_PROVIDED MATERIAL_:
--- START ---
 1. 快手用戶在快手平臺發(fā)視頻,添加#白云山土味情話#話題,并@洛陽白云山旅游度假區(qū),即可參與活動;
--- END ---
--- START ---
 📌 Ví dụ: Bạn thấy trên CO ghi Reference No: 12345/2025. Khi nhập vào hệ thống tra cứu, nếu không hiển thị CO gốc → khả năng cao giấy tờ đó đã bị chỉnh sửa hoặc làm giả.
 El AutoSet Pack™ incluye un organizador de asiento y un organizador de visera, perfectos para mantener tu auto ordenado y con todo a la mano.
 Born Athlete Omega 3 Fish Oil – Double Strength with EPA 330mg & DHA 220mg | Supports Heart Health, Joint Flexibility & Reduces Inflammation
--- END ---
--- START ---
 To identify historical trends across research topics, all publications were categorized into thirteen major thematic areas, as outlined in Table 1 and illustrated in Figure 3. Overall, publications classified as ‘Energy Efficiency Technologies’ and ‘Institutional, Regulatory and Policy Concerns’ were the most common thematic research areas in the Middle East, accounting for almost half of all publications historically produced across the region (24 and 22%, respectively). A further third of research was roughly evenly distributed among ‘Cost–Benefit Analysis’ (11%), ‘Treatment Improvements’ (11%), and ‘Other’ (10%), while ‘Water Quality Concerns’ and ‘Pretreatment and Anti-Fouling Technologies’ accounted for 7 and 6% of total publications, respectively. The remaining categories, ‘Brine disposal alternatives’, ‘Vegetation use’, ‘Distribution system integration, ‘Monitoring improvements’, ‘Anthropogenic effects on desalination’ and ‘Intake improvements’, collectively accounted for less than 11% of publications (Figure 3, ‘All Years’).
--- END ---
_PROBLEM REQUIREMENTS_:
Beginning with the line that has "hoặc làm giả." and ending with the line that has "El AutoSet Pack™", set down the lines above exactly and include no others.

_OUTPUT FOR THIS TASK_:
 📌 Ví dụ: Bạn thấy trên CO ghi Reference No: 12345/2025. Khi nhập vào hệ thống tra cứu, nếu không hiển thị CO gốc → khả năng cao giấy tờ đó đã bị chỉnh sửa hoặc làm giả.
 El AutoSet Pack™ incluye un organizador de asiento y un organizador de visera, perfectos para mantener tu auto ordenado y con todo a la mano.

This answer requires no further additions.